| Task instructions |
Only the lines from the one containing "Warm spiced beverage" through the last line below should be written out, exactly and with both ends kept.

| The data |
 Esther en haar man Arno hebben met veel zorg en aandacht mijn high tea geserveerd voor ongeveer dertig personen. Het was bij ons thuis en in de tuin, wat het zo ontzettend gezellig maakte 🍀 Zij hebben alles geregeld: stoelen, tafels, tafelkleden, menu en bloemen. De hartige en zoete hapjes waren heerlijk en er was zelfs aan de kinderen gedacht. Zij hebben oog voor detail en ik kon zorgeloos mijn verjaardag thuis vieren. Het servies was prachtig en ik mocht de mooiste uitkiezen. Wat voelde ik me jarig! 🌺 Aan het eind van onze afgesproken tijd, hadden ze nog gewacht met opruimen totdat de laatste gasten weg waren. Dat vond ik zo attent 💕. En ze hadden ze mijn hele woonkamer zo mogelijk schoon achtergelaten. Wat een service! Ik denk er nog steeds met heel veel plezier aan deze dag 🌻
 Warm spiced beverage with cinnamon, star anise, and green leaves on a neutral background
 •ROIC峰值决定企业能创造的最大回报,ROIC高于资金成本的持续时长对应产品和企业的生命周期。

| Reply to the exercise |
 Warm spiced beverage with cinnamon, star anise, and green leaves on a neutral background
 •ROIC峰值决定企业能创造的最大回报,ROIC高于资金成本的持续时长对应产品和企业的生命周期。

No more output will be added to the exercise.